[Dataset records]
####

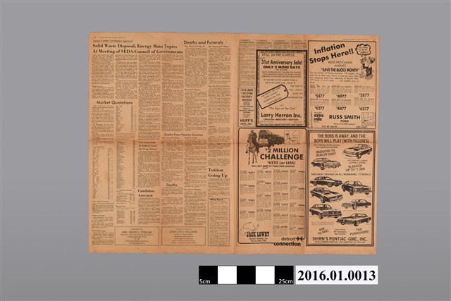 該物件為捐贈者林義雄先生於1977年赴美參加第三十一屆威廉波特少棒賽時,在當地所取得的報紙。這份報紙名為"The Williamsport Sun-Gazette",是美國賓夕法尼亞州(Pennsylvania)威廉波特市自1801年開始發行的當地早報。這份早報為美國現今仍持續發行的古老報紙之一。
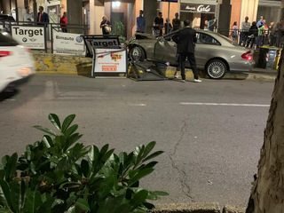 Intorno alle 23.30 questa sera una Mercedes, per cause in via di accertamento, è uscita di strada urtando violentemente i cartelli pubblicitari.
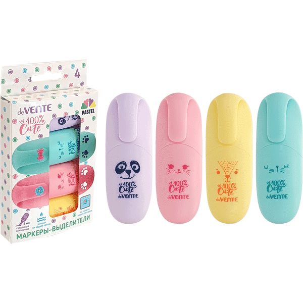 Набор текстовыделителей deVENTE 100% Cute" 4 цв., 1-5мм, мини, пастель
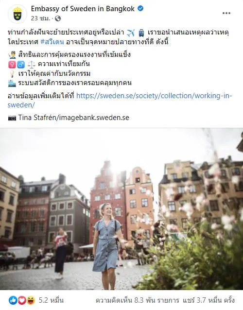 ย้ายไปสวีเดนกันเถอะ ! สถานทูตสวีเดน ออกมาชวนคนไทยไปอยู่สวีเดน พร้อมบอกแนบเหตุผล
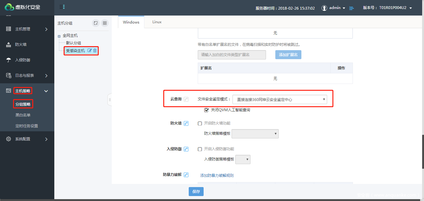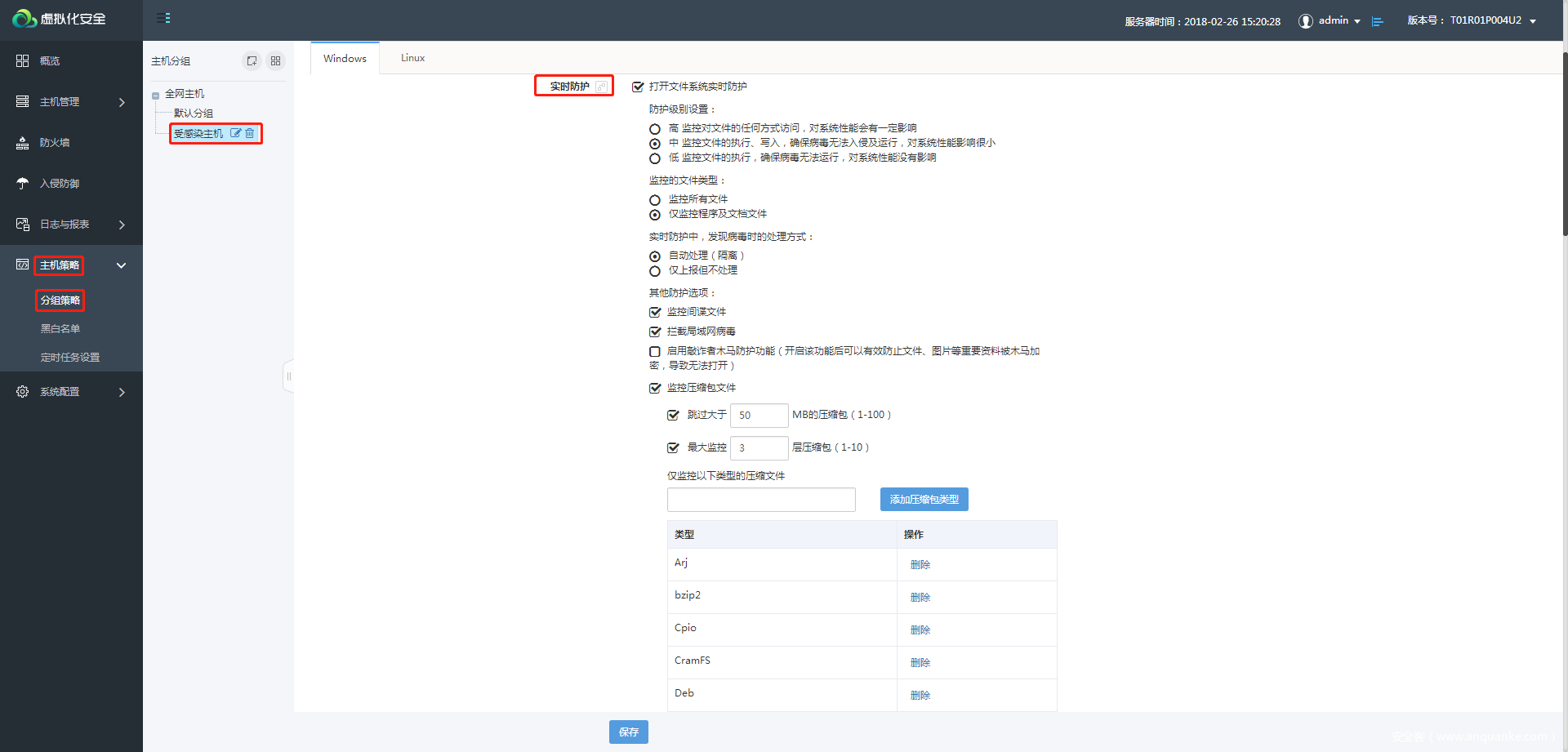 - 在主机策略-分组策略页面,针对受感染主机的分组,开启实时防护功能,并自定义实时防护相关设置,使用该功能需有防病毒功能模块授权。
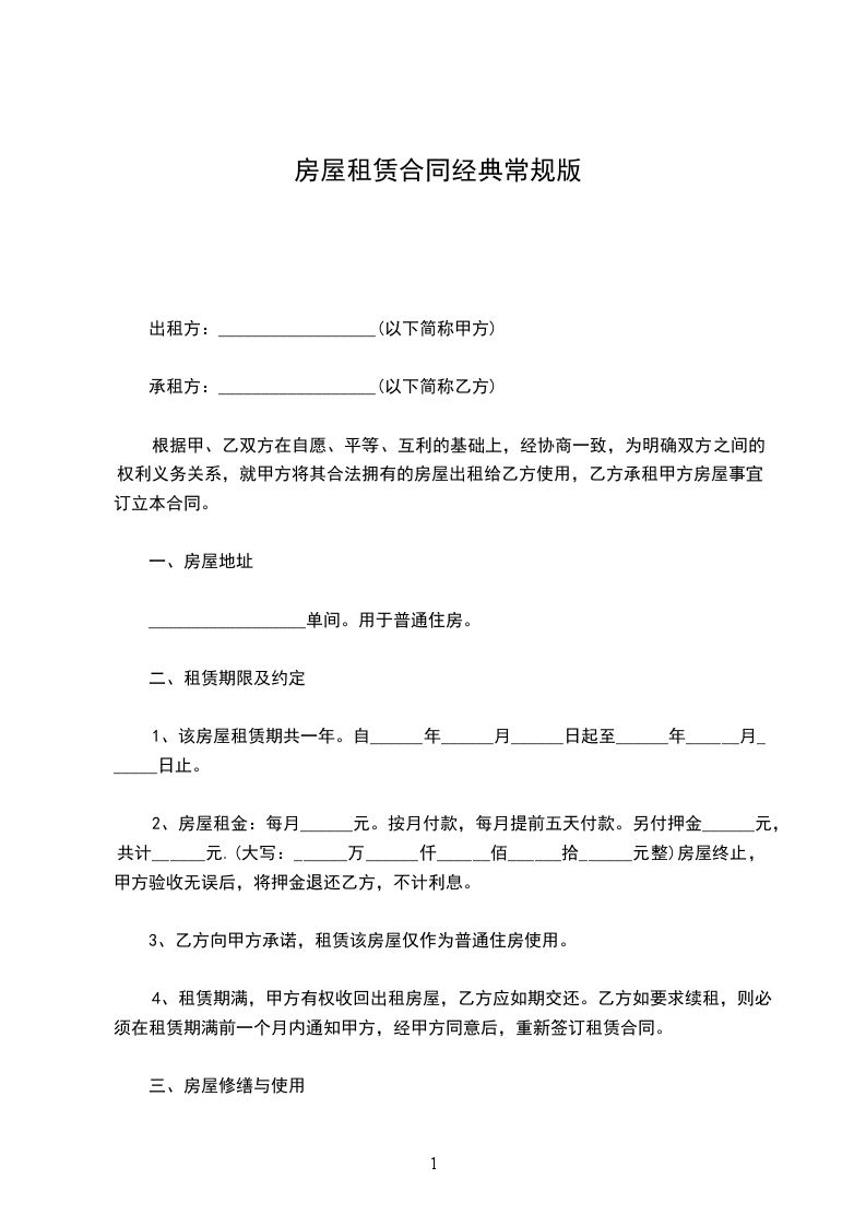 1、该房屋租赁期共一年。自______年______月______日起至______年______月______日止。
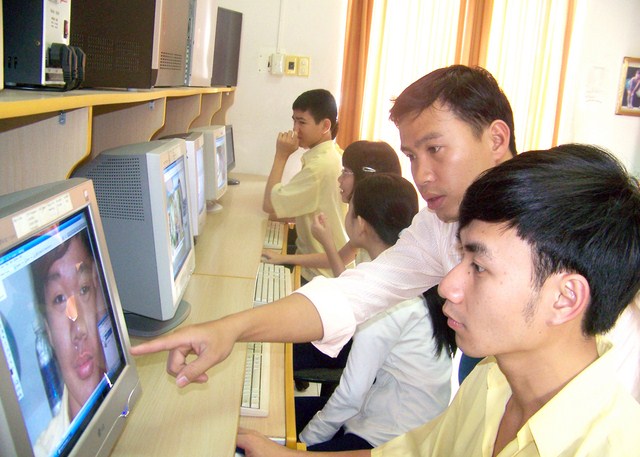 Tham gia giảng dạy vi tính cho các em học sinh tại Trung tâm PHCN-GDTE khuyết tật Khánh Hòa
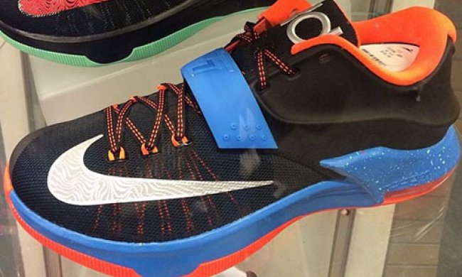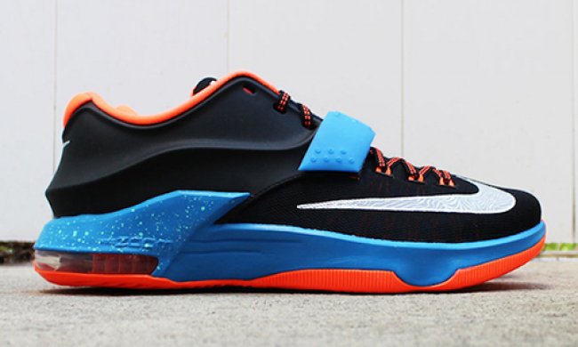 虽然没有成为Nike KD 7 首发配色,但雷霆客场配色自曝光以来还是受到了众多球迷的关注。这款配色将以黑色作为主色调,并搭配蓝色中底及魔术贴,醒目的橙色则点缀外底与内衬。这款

####

Exercise requirements:
Copy only what runs above from the line containing "Набор текстовыделителей deVENTE" through the line containing "1、该房屋租赁期共一年。自_", exactly. Leave out the pictures.

Output for this task:
 Набор текстовыделителей deVENTE 100% Cute" 4 цв., 1-5мм, мини, пастель
 ย้ายไปสวีเดนกันเถอะ ! สถานทูตสวีเดน ออกมาชวนคนไทยไปอยู่สวีเดน พร้อมบอกแนบเหตุผล
 - 在主机策略-分组策略页面,针对受感染主机的分组,开启实时防护功能,并自定义实时防护相关设置,使用该功能需有防病毒功能模块授权。
 1、该房屋租赁期共一年。自______年______月______日起至______年______月______日止。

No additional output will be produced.